# Trans fluid question



## Sydenstricker Landscaping (Dec 17, 2006)

I am doing my trans fluid tomorrow and was wondering, is there any way to get the torque converter empty of its fluid too, or just have to mix the synthetic with the regular dirty crap and go on?? If there isnt a way, then fluid/filter it is!! BTW the trans is a 4l80E


----------



## 2COR517 (Oct 23, 2008)

You can do a fluid exchange. Basically you take a transmission cooler line off, and fill the trans as you pump out the old fluid into a bucket. It's been detailed here, but here goes. Drop the pan, new filter, put it back together. Put 8 qts of new fluid in, pull the cooler line, and start the truck. Once you've pumped out a gallon or so, put in another 4 qts. Keep doing this till the fresh fluid comes out. You will be able to see the color change. Shut it down, put the cooler line back together, and check/adjust the fluid level. It's easier with two people. You can even add fluid through the dipstick tube as you pump it out.


----------



## Sydenstricker Landscaping (Dec 17, 2006)

Hey thanks!!! One question on that method, does it matter which cooler line I take off to do this??? (at least it will be easy since all my cooler lines are brand new)


----------



## 2COR517 (Oct 23, 2008)

Not really I don't know which is which on your truck, but some guys take the line going back to the trans off. Put a fitting in the cooler and a short piece of tubing into the bucket.


----------



## Sydenstricker Landscaping (Dec 17, 2006)

Hmmm, I wouldnt have the slightest clue as to which one is the return line coming back from the cooler.


----------



## 2COR517 (Oct 23, 2008)

Take it off, start it up. You'll know real fast. You mentioned you just put new lines on.
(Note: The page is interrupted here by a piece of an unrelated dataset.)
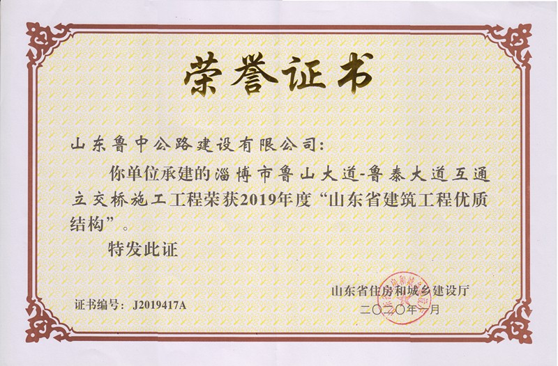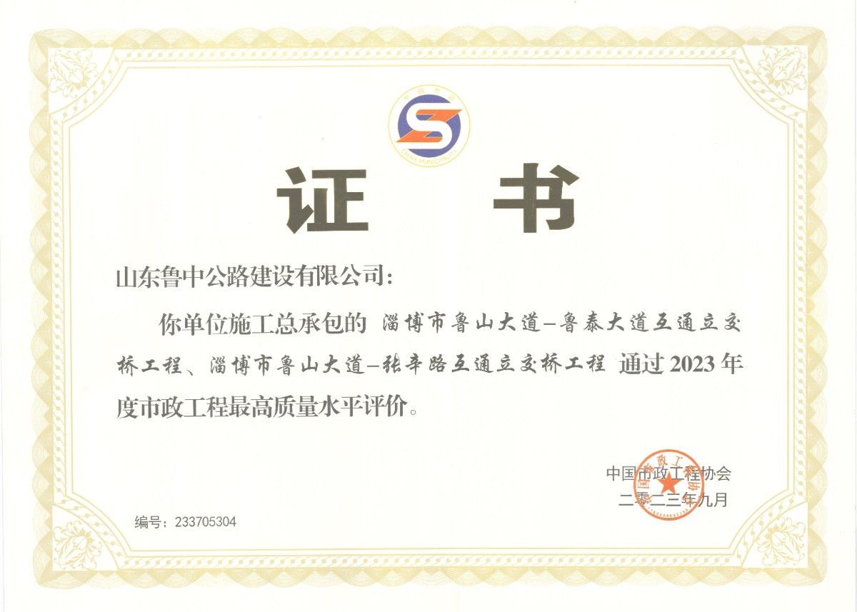 - 淄博市魯山大道-魯泰大道互通立交橋、魯山大道-張辛路互通立交橋工程獲2023年度市政工程最高質量水平評價
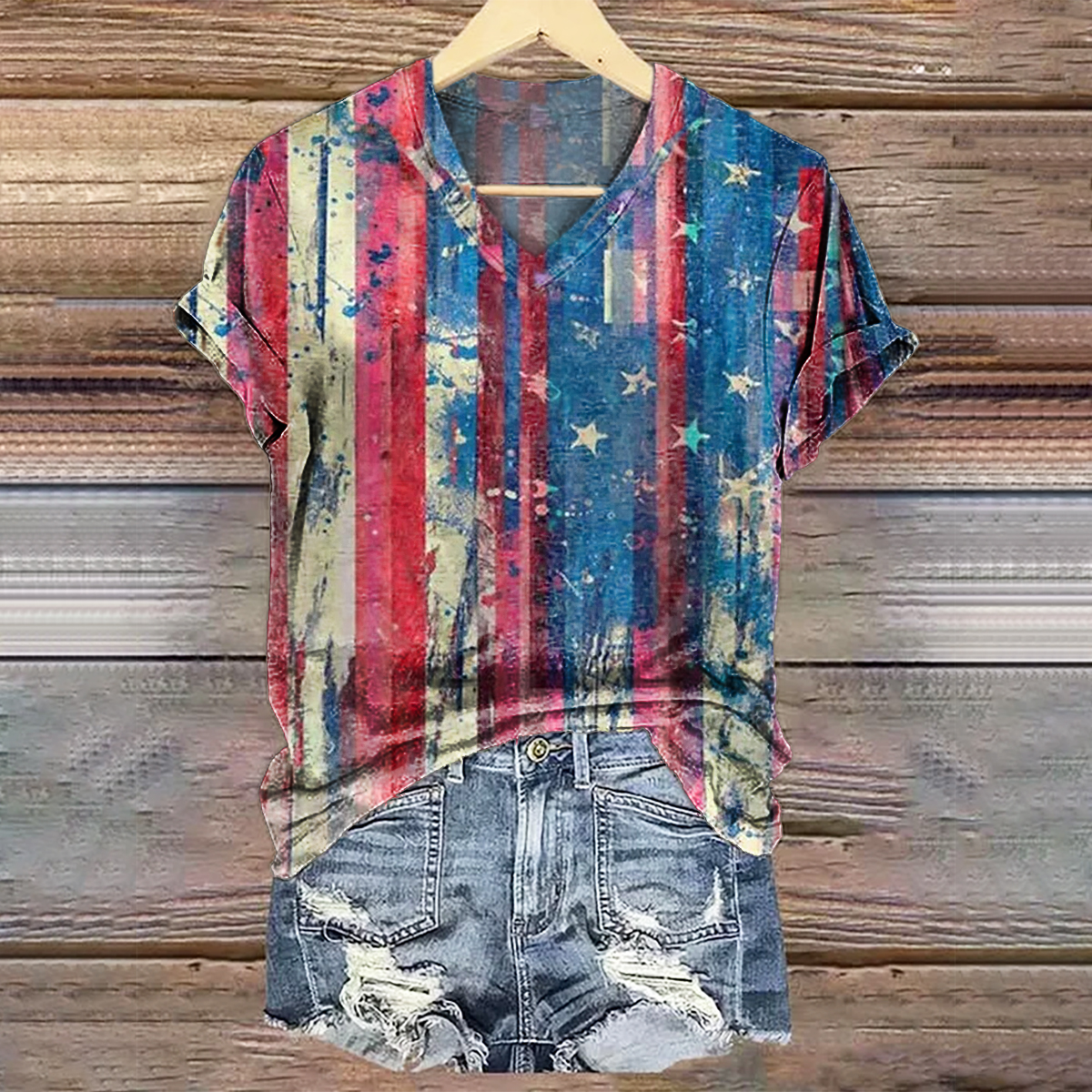 Women's Tie-Dye Art Print V-Neck Casual T-Shirt

Did you plumb it so the hot fluid goes into the external cooler first, then the rad cooler?


----------



## Sydenstricker Landscaping (Dec 17, 2006)

I put it back together like it was stock. Got all the pre-bent lines from GM for it. There are 3 lines on the truck, one trans to rad, rad to cooler, then I guess cooler to trans. (looks like I just figured out where the return line is)


----------



## RichG53 (Sep 16, 2008)

Come on don't keep it a secret tell us which one it was ???????


----------



## Sydenstricker Landscaping (Dec 17, 2006)

I feel like a dumba$$ sometimes when I answer my own questions, lol Guess it helps sometimes for someone else to make it clear.


----------



## B&B (Nov 4, 2006)

Use the Dog Napper's fluid exchange procedure. It ensures you get virtually all the old fluid removed and isn't a tough job, especially since your lines are fresh. If you feeling lazy and don't want to lay under the truck or fool with the lines down there simply pop the grill out and disconnect the line there. A couple feel of rubber hose and some assistance from the wifey and you'll be done in no time. As long as there's no arguments. 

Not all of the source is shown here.